Get others to help them see the big picture – If the material you are seeking is needed for a wider campaign, make sure they understand the context and the importance of their contribution. If necessary, enlist the support of those fee-earners who are involved in the campaign to encourage people to write material.
Focus on topical rather than technical – It may be too much of a stretch to try and prepare the first draft of a technical document so focus instead on preparing bullets or drafts on more commercial, advisory and topical pieces. This is also a valuable teaching aid for fee-earners who are used to preparing technical documents but less comfortable with more conversational and informal material.
Seek help from PSLs – Law firms often have Professional Support Lawyers who can help you prepare a first draft. In property businesses, there are often research folk with a deep understanding who can provide similar assistance. By making an effort in doing the ground work, and reducing the magnitude of the task, you may find busy fee-earners more accommodating.
Prepare a list of bullets – Sometimes people freeze when faced with an empty sheet of paper or a blank screen. So produce a working title, a note about the aims and audience, and some bullet points about what needs to be covered and the length and nature of the document (is it a technical article for a peer-reviewed magazine or a commercial article for an industry journal or a more informal post for one of your own blogs?).
Leverage peer pressure – Think about in-group bias. If they feel that preparing material is something that only they are asked to do they are likely to resist.

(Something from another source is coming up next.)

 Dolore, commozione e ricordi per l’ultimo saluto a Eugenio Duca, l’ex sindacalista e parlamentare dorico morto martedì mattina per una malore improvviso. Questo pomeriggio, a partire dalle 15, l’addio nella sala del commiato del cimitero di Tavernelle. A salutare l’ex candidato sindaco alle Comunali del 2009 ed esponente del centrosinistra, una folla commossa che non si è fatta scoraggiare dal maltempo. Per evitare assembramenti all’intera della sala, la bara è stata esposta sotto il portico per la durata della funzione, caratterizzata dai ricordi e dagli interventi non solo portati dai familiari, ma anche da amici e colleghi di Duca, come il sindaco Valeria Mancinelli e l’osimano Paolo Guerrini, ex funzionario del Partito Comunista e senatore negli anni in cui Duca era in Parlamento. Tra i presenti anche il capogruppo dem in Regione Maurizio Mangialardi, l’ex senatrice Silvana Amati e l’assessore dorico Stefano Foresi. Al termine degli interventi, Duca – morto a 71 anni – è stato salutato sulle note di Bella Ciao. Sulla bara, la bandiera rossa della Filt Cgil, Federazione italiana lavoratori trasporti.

But if they see their peers happily preparing content on a regular basis this may prompt them to behave like others in their group.
Produce a first draft with their assistants – Spend some time with other members of their team so that you have sufficient information to prepare a first rough draft. It is often quicker and easier for a fee-earner to expand and modify a draft that it is to start from scratch.
Recycle and repurpose material – There is usually some related material – whether in video or presentation or written format – that relates to the topic where you want content. Check the existing material – whether by the relevant partner or someone else – and consider how it might be used as a starting point for the content you require.
Produce a content management plan – Persuade them to invest half an hour or so with you so that you can recall the overall marketing and business development goals, consider the target markets and core messages, remind them of the client and fee targets and reconnect with the strategy. Then talk through a series of topics that you can cover over the coming months. Ask probing questions about the planned topics so that you can prepare a list of bullet points. These will remain in their subconscious and they may feel more able to write the material at the appropriate time having mulled it over for a while.
Interview them – Prepare a list of probing questions and ask if you may interview them (seek permission if you wish to record the session) in order to elicit sufficient information so that you can prepare a first draft for them. This is a great time saver from their perspective and you are taking some of the burden of the work.
Subscribe to newsfeeds – There are numerous services available that will provide you with a stream of pre-prepared material that fee-earners can simply “top and tail” to add their personality and views. Hopefully, over time they will use less of the “canned” material and more of their own voice.
Organise a co-author – If you are still getting nowhere fast with a particular fee-earner, consider organising for a co-author to work with him or her. Peer pressure helps and the co-author may have more persuasive weight than you.
Provide insight into effectiveness – Social media channels provide detailed analytics about how many views, shares and comments are generated by each post. Showing fee-earners how to monitor progress may help convince them that preparing timely and relevant content is valuable for both communicating with existing clients and referrers as well as reaching out to new ones.
Use the content pyramid – If you produce one or two major pieces of content a year – say in the form of a research report, White Paper or major document – then it is relatively easy to pick off topics and obtain the background information from this throughout the campaign. You can then present your fee-earner with a schedule of pre-agreed articles or posts, with bullet points to get them started with dictating or drafting that can be entered into their schedules and calendars.
Be a pest – Sometimes you just have to be a pest. Keep prompting and cajoling. Some will appreciate your persistence in reminding them when they are busy. Others may eventually give in just to get you off their backs.
What are your best tips for getting busy fee-earners to contribute the required content on time?